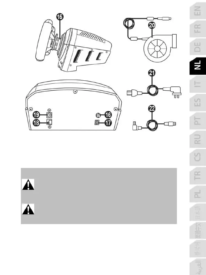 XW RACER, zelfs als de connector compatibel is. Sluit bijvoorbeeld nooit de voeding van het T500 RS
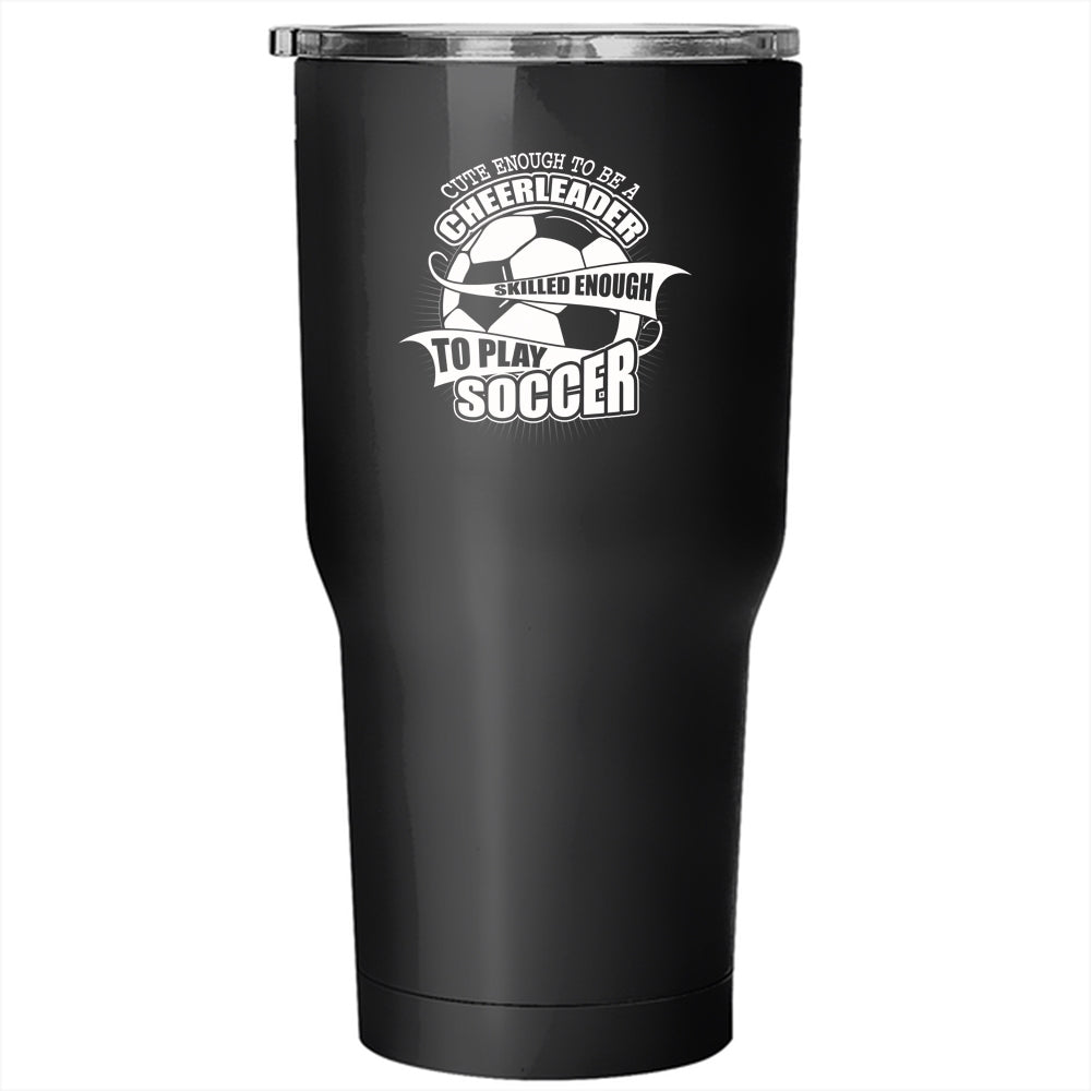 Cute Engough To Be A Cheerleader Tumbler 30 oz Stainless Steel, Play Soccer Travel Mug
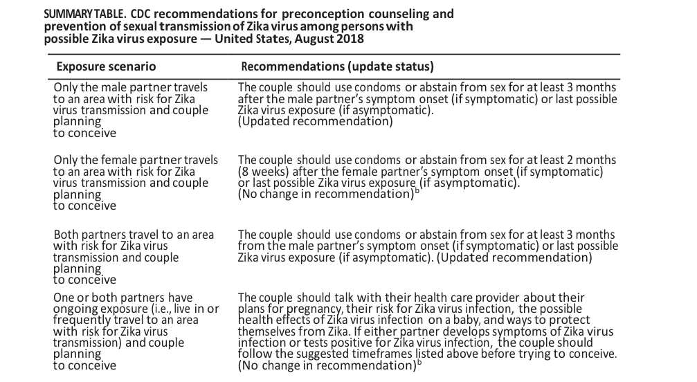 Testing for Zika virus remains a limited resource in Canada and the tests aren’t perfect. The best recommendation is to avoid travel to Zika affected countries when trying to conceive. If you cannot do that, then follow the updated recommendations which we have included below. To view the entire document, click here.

* _Task instructions_
Leave out the images and copy all remaining data word for word.

* _Response_
 XW RACER, zelfs als de connector compatibel is. Sluit bijvoorbeeld nooit de voeding van het T500 RS
 Cute Engough To Be A Cheerleader Tumbler 30 oz Stainless Steel, Play Soccer Travel Mug
 Testing for Zika virus remains a limited resource in Canada and the tests aren’t perfect. The best recommendation is to avoid travel to Zika affected countries when trying to conceive. If you cannot do that, then follow the updated recommendations which we have included below. To view the entire document, click here.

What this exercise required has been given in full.